Overall, students say Cornell’s Psychology of Emotions Certificate helps them feel more confident handling emotionally charged situations, communicate more effectively, and bring a more grounded, science-informed approach to leadership, wellness, and relationship building.

A prior psychology background is not required to benefit from Cornell’s Psychology of Emotions Certificate. The program starts by clarifying what emotions are and how they differ from related feeling states like moods and personality traits then builds toward practical skills like expanding your emotional vocabulary, recognizing emotions more accurately, and applying evidence-based emotion regulation strategies.

Because the learning is anchored in everyday situations and guided practice, you can apply concepts whether you work in leadership, HR, education, healthcare, customer-facing roles, or any environment where relationships and communication matter. You will be asked to reflect and write about experiences, so comfort with self-reflection and professional communication will help you get the most from the work.
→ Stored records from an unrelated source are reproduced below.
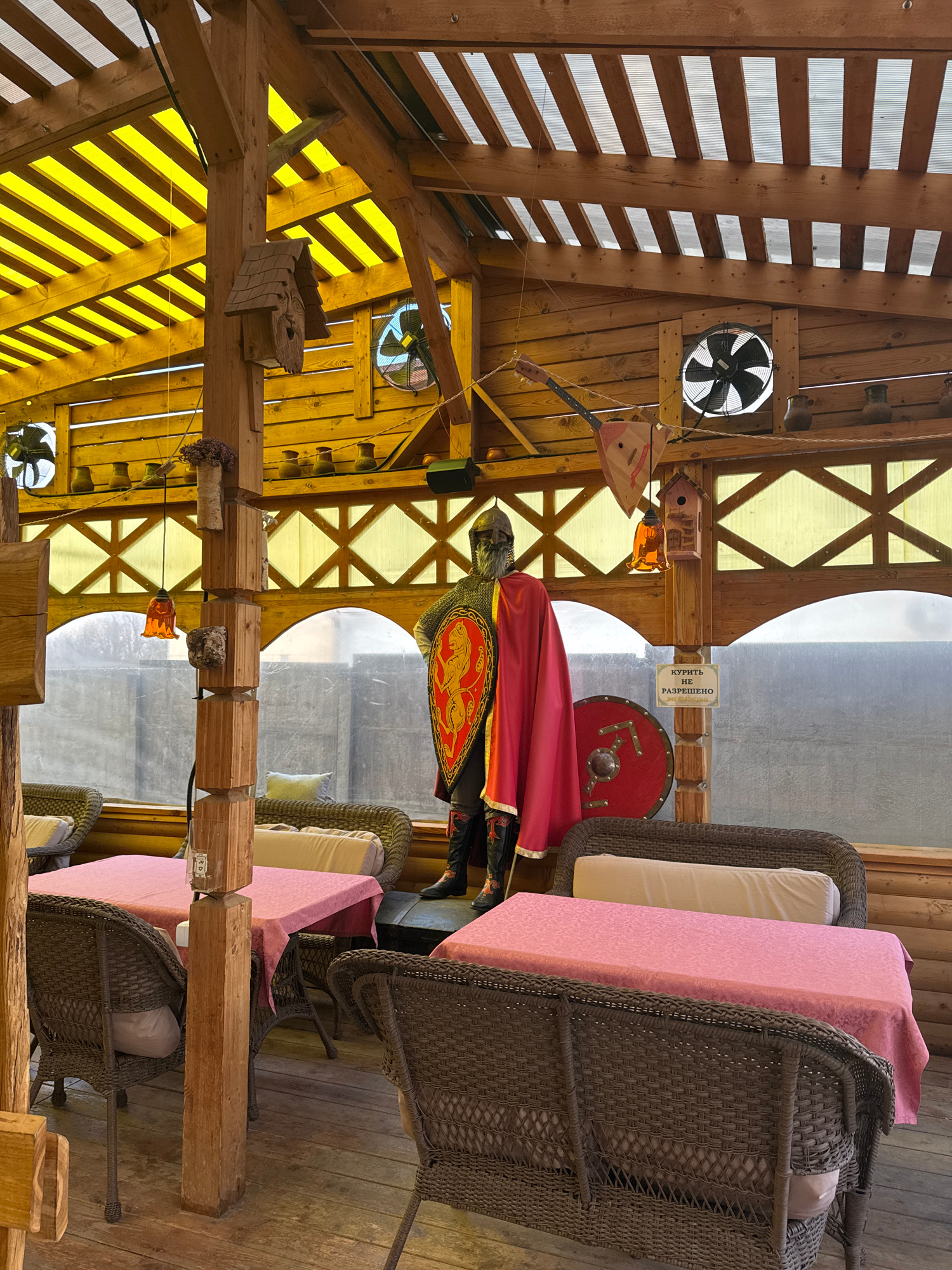 A restaurant in Kladovitsy, Russia, features a faux medieval theme. A suit of armor stands by the window, complete with a red cape, shield, and helmet. Wicker chairs surround tables with pink tableclo…read more
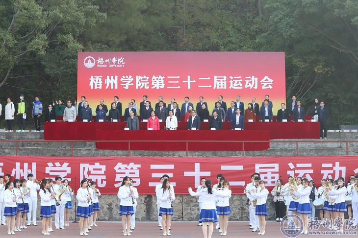 学校党委书记韦仕珍宣布:“梧州学院第三十二届运动会开幕!”
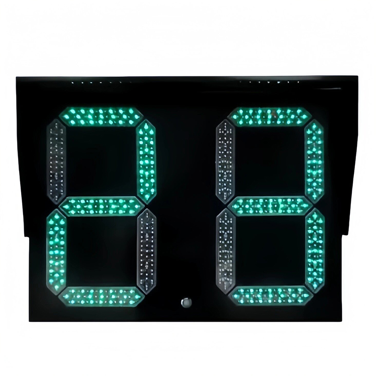 两位倒计时红黄绿数字显示,笔画段样式,十位采用红倒计时显示,个位采用红黄绿倒计时显示,倒计时器通过倒计时数提醒车辆与行人等待时间。
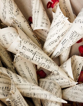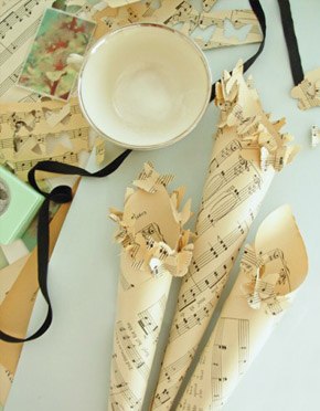 Hoy os traigo una idea que me ha parecido preciosa, sencilla, elegante y muy fácil de realizar por nosotras mismas con muy poquito dinero. Se trata de un detalle muy bonito donde guardar los pétalos de flores, el confetti o el arroz que los invitados tirarán a la salida de los novios de la iglesia o del lugar donde se haya celebrado la ceremonia. Son unos conos hechos con papel envejecido tipo partitura musical. Para confeccionarlos necesitas: 1.- Una perforadora de papel con forma de mariposa, aunque cortarlas a mano también vale. 2.- Una partitura o un papel envejecido con el dibujo impreso. 3.- Pasta de pegamento. 4.- Purpurina o escarcha. 5.- Unas tijeras. 6.- Una pinza para tender la ropa. 7.- Pegamento blanco.
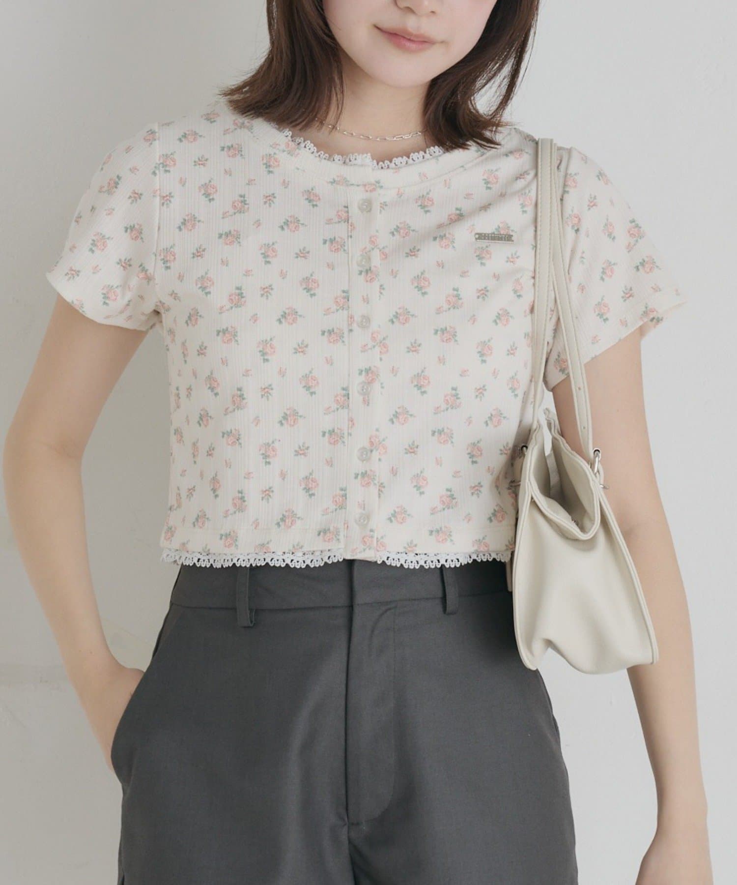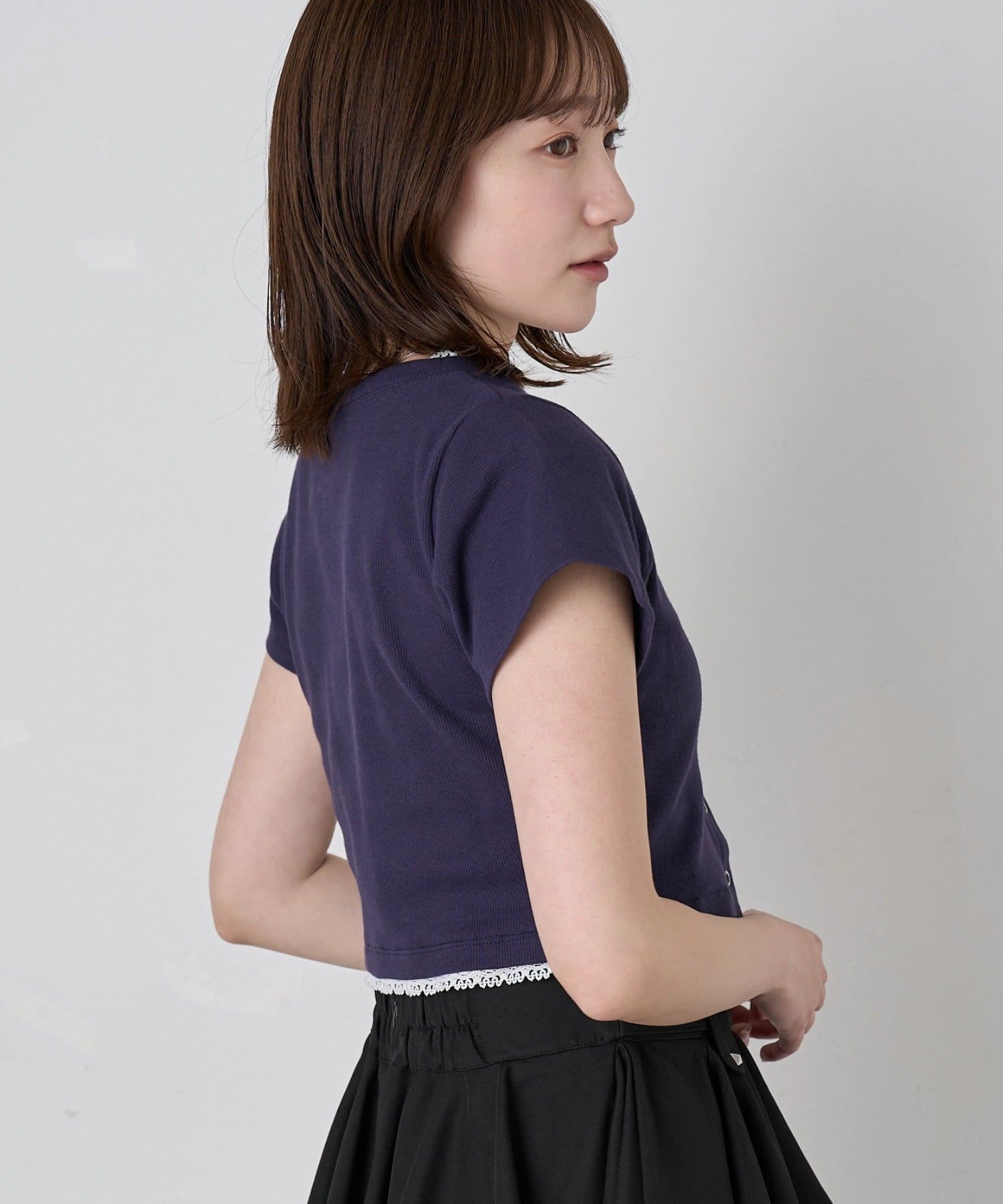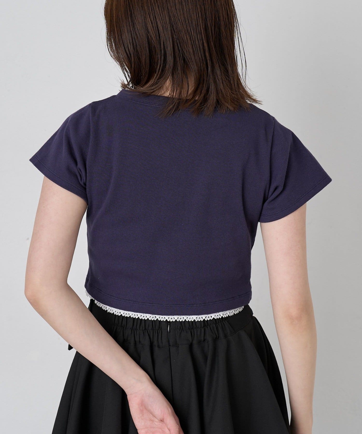 ・襟ぐりと裾のレースが、さりげない可愛らしさとポイントをプラス♪
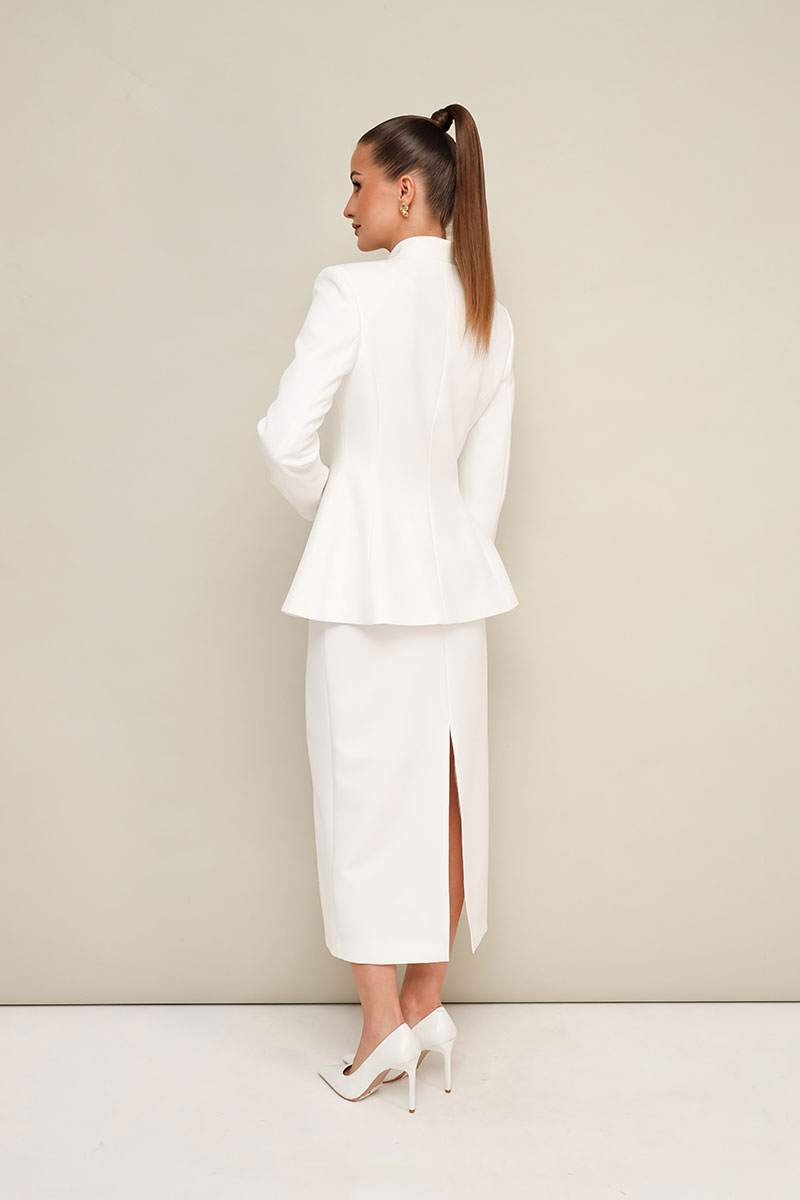 Стильный 2-предметный комплект, состоящий из жакета и юбки, выполненный из костюмной ткани.
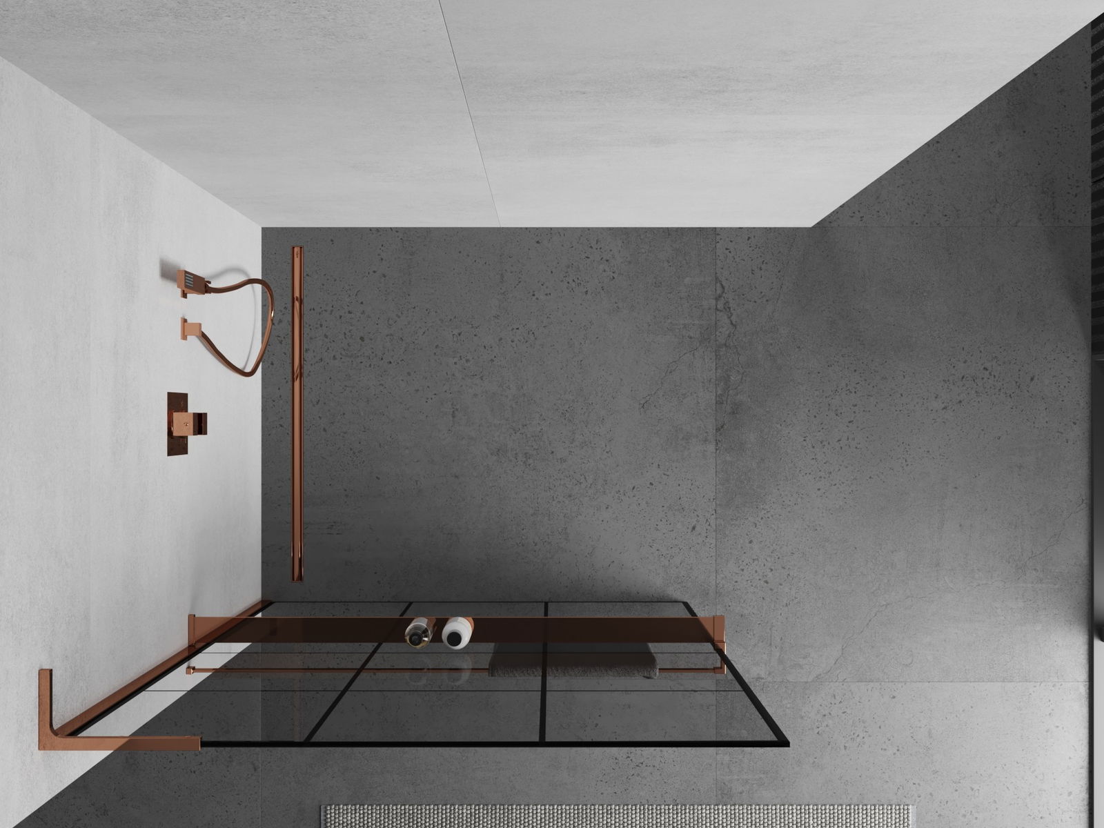 Mexen Kioto+ L zuhanyfal polccal Walk-in 120 x 200 cm, fekete rács, rózsaarany - 800-120-123-60-77
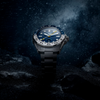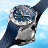 Rozsdamentes acél csattal vagy mélykék gumiszíjjal választhatjuk, mindkét esetben mikroállítási lehetőséget nyújt a dupla biztonsági áthajlózár. Az eredetileg búvárruhákhoz kifejlesztett megoldás a mindennapokban is hasznos lehet, amikor a közelgő hideg elől melegebb éghajlatra utazunk és gyorsan lazítani szeretnénk a szíj beállításán.
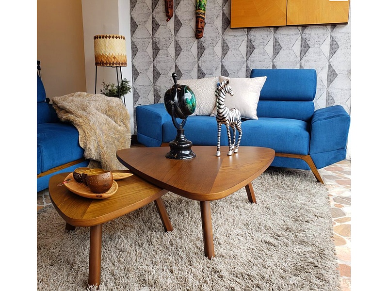 Juego de mesas triangulares en madera con diferente altura.
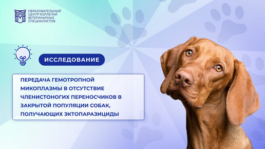 Передача гемотропной микоплазмы в отсутствие членистоногих переносчиков в закрытой популяции собак, получающих эктопаразициды
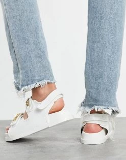 Best Pirce 💯 Public Desire Wide Fit Ellis Chunky 🩴 Sandals With Chain Trim In White Croc For Women 🎉
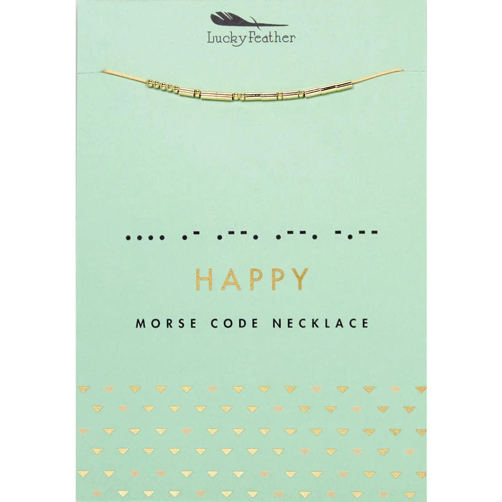 Morse Code Jewelry represents a subtle, secret reminder of happiness and positivity. Delicate and stylish, this necklace can be worn from day to night on both causal and dressy looks.
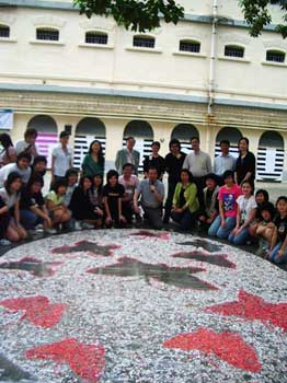 昔日清冷的域多利监狱露天广场昨(一日)上午就异常热闹,本地艺术家文凤仪带领一众年轻人耗时两个小时完成一幅艺术创作──由六百只鸡蛋的碎蛋壳镶拼成一只白色的巨型蛋,孕育在其中的几只栩栩如生红色的蝴蝶呼之欲出。
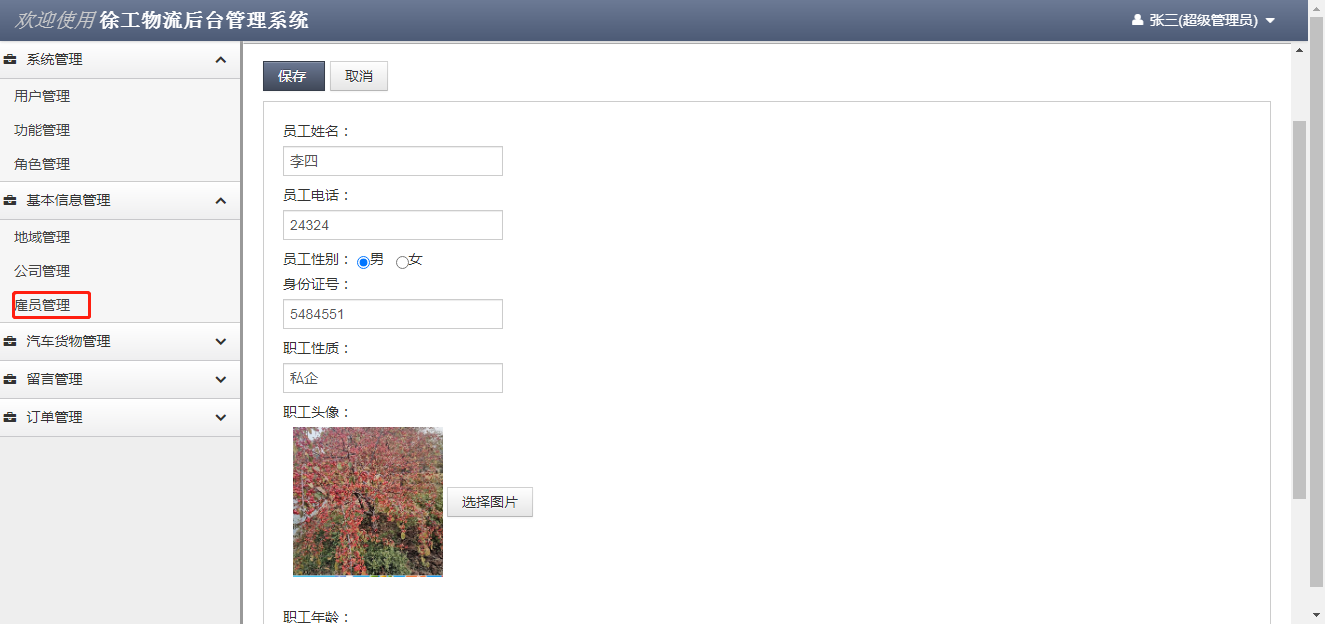 备注:雇员功能在修改或者新增时,要把性别选择上(一直没来得及改),否则保存不成功。

The accurate recognition of emotions impacts everything from coaching and customer conversations to conflict resolution. Cornell’s Psychology of Emotions Certificate helps you improve this skill by strengthening your emotional vocabulary and training you to use multiple channels of information, not just a single cue.

You will practice identifying emotions using facial expressions, vocal tone, and body language, then learn when those signals are most likely to mislead due to masking, context, or cultural display rules. The Psychology of Emotions Certificate also pushes you to pair observation with interpretation by examining how appraisals, personality differences, and culture shape emotional responses, so you can make better inferences and ask better questions in real conversations.

By the end of Cornell’s Psychology of Emotions Certificate program, you will have practical reference tools and repeated practice that support more confident, respectful, and accurate emotion reading across professional and personal settings.

Stressful moments at work often move faster than your ability to think through the perfect response. Cornell’s Psychology of Emotions Certificate gives you a structured set of emotion regulation options you can choose from in real time, based on what the situation allows and what you are trying to achieve.

You will explore the trade-offs of five major regulation strategies, including selecting or modifying situations when possible, refocusing attention, reinterpreting meaning through cognitive reappraisal, and managing your outward responses. You’ll also identify your default regulation tendencies using a research-based questionnaire and practice applying a new strategy to a real situation, so you build confidence using the tools when stakes are high.

Cornell’s Psychology of Emotions Certificate also addresses the social side of regulation by examining emotional contagion and how you influence the emotions of others, which is especially useful when you are trying to steady a team during uncertainty or conflict.